A top restaurant critic who took football legend Gary Lineker to a Somerset restaurant has praised it in a review. The Times’ Giles Coren took the Match of the Day presenter and former football player for a meal at the Michelin starred restaurant, Osip ‘2.0’, in Bruton.

Osip initially opened at Number One Bruton in 2019 but is now located in an 18th century building near a tranquil pine forest. It’s run by chef Merlin Labron-Johnson, who formerly owned Portland in London, which Coren called ‘a perfect restaurant’ when it opened in 2015.

The critic visited the restaurant’s new location with an ‘old friend’ Jonathan Downey, the former CEO of Manchester United, Ed Woodward, and Gary Lineker – the day before the announcement of his departure from Match of the Day last month.

Gary Lineker presents prior to The Emirates FA Cup Semi-Final
File photo of Gary Linker, who visited Osip in Somerset recently (Image: Shaun Botterill/Getty Images)

Coren described the 18th century building as being “white-washed to an ethereal, ghost-like presence in the misty countryside”. He also praised the “super-modern” show kitchen, the cosy log fires, and the young staff “bustling about in charmingly ill-fitting whites in a way that simply screams ‘World’s 50 Best’.”
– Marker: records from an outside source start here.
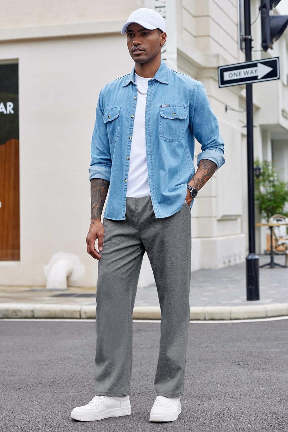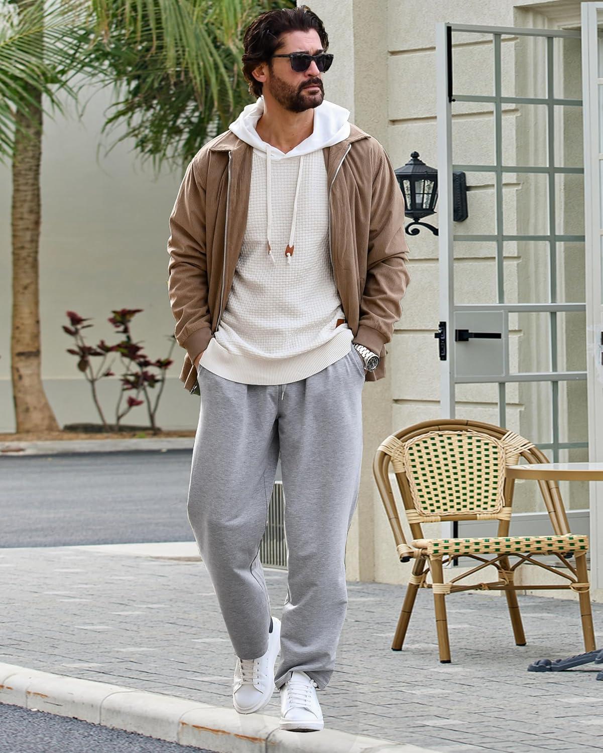 COOFANDY Men’s Cotton Sweatpants Open Bottom Lounge Pants Lightweight Casual Jogger Pants with Pockets(Grey)
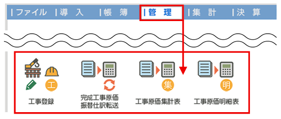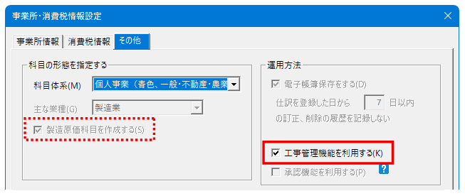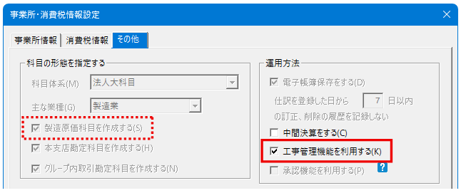 「事業所・消費税情報設定」-「その他」にて「製造原価科目を作成する」にチェックが付いているデータにて「□工事管理機能を利用する」にチェックを付けて設定することで、「管理」メニューより「工事管理」機能をご利用いただけます。
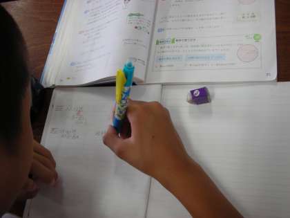 数学の授業です。少人数で授業を行っているので、先生が生徒たちのノートを点検しながら、授業を進めていくことができます。

The group chose to dine from the long and ever changing £125 set menu which is said to ‘evolve daily and is an expression of the Somerset landscape, using produce grown by the team on [Osip’s] nearby farm’.

After indulging in several dishes, Coren gave Osip an overall rating of nine and described it as being a ‘top place’, where you can stay the night, wander the gardens, tour the kitchen, and ‘do it all again for dinner and then breakfast’.
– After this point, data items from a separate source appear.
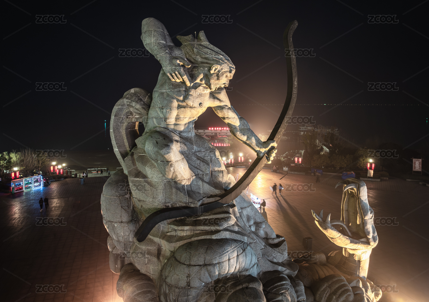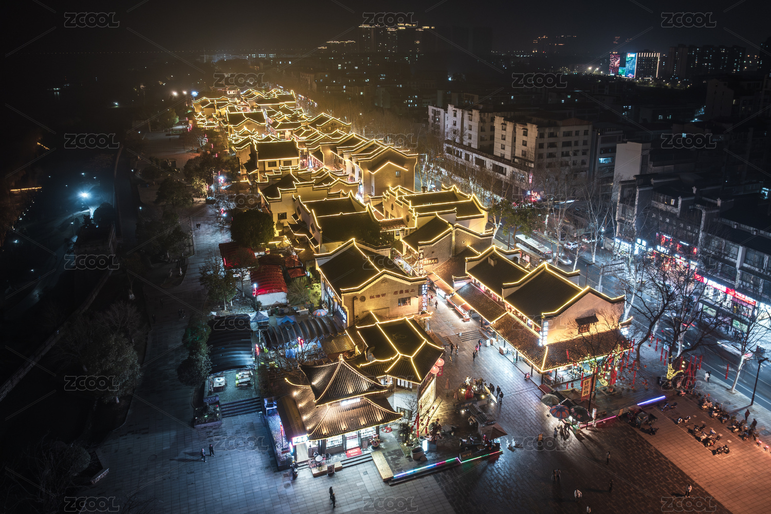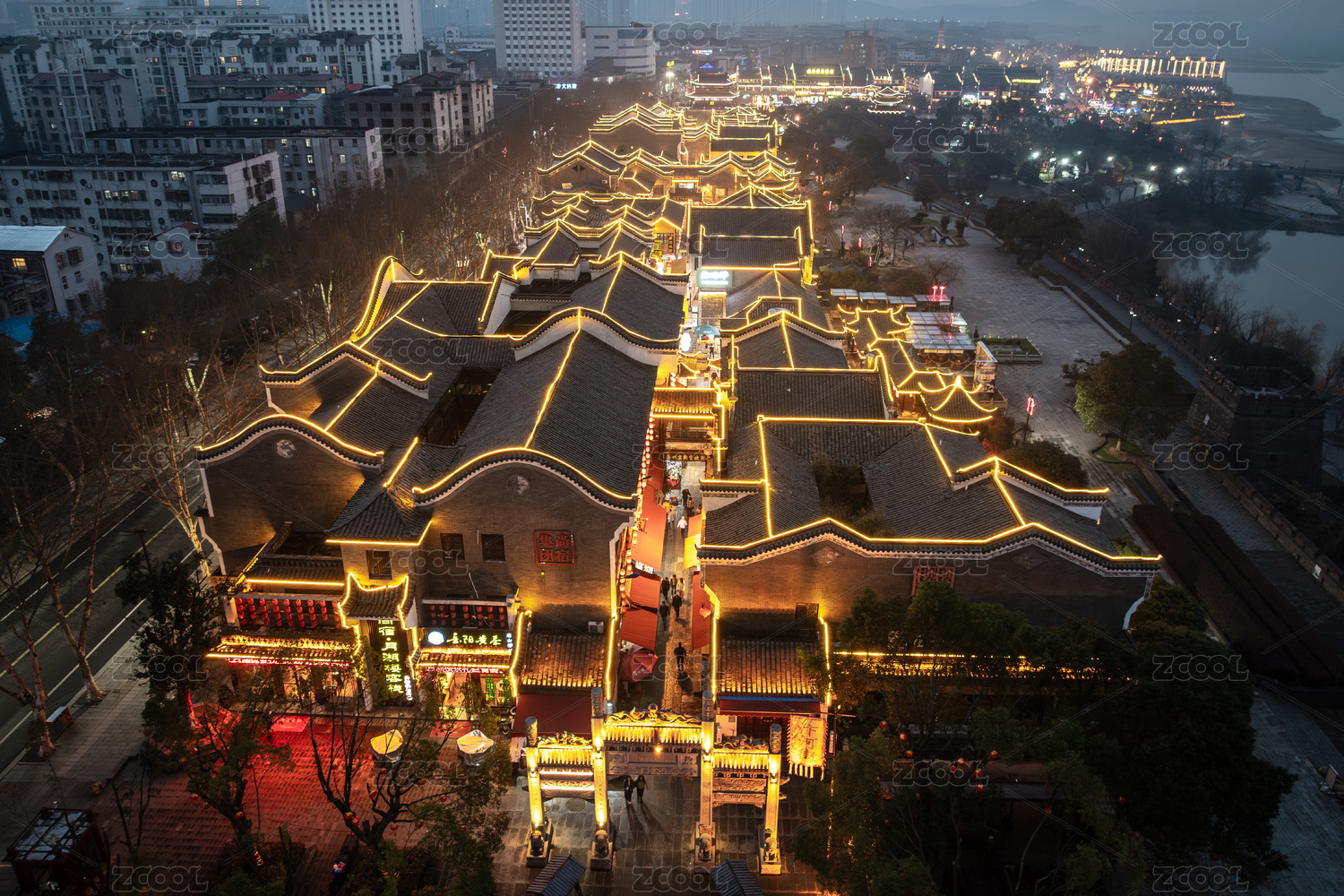 湖南岳阳市巴陵广场汴河街广场城市夜景风光
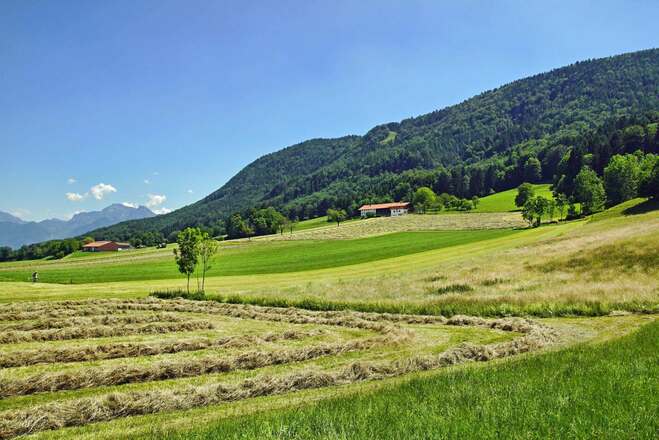 Diese Walking-Runde mit gut 7 km Länge führt Sie zunächst in Richtung Süden an der Bernauer Achen entlang und dann einen kleinen Anstieg hoch nach Rudersberg. Der Abstecher zum Wasserturm lohnt sich: Ein herrlicher Blick auf den Chiemsee und auf Bernau.
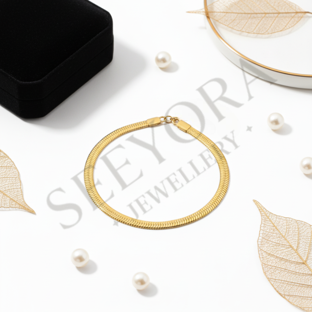 Fluid Snake Chain: The signature design is a densely woven snake chain that provides a silky, flexible drape against the skin, ensuring maximum comfort and a luxurious feel.
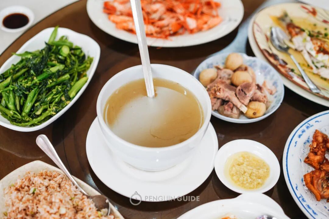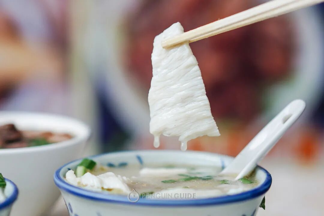 每次去都要连喝三碗白果猪肚汤,猪肚处理得很干净,再加入白果、马蹄、腐皮慢炖几个小时,汤色像豆乳般浓白,清甜温润。
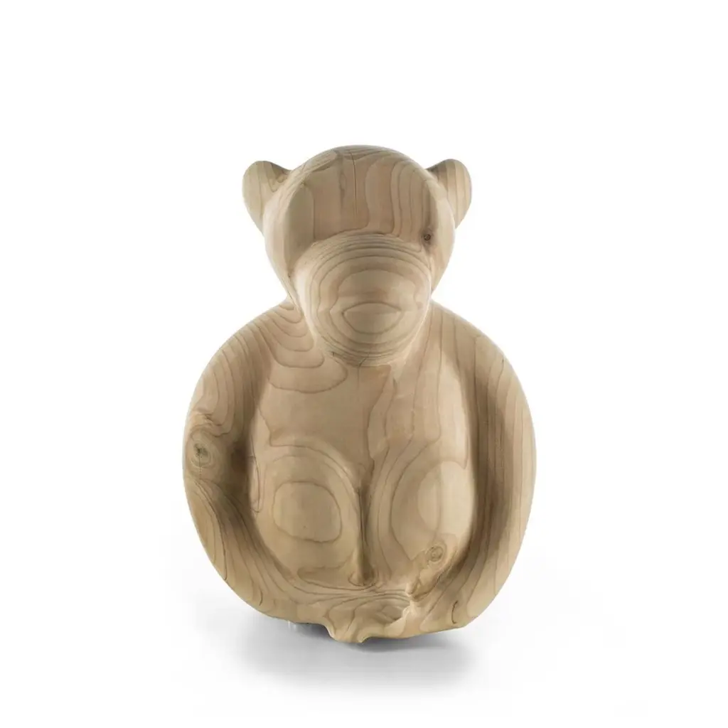Solid wood accessory in scented Cedar made from one single block of wood, with a sculptural design inspired by a funny little monkey. Available in three sizes: big, medium and small
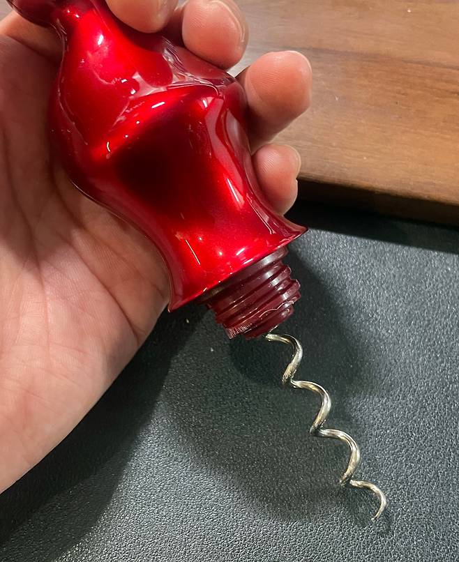 그리고 또 하나의 숨겨진 기능이라고 한다면 상단의 장식물이 와인오프너가 된다는점입니다.
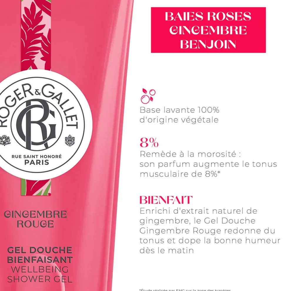 | Effect | Red Ginger Shower Gel, verrijkt met natuurlijk gemberextract, geeft je energie en humeur ’s ochtends een boost. De geur verhoogt de spierspanning met 8%* *Onderzoek uitgevoerd door EMG op de nek. |
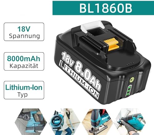 2 Stück 18V 8.0Ah / 8000mAh Ersatzakku für Makita Akku 18V BL1860 Ersatzakku für Makita Akku BL1850B BL1850 BL1840 BL1830 BL1820 BL1815 mit LED Indikator für Werkzeuge
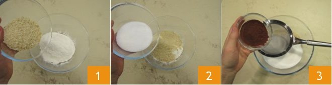 To prepare Neapolitan mostaccioli, start by pouring the flour, almond granules 1, and sugar 2 into a bowl. Then sift the unsweetened cocoa powder 3,

Restaurant critic Giles Coren (Image: PA)

While Merlin Labron-Johnson’s influences as a chef are international, his menu at Osip is proudly ‘hyper-local’. In an age of concern over the environmental impact of imported food with high air miles, Osip sources 85% of its produce between two farms, orchards, and ten beehives. The Bruton community has also gifted Osip surplus fruit, wild foraged mushrooms, and land to help the restaurant stay as local as possible.

The menu is also changed regularly to account for the different ingredients that grow in different seasons. A representative for Osip said: “This connection to land is paramount to the ethos at Osip, and Merlin has produced a gardening rota for both kitchen and front-of-house staff to spend time working with the farmers in the fields. The farm also includes the location of 10 beehives that secures a single-apiary supply of seasonal honey.”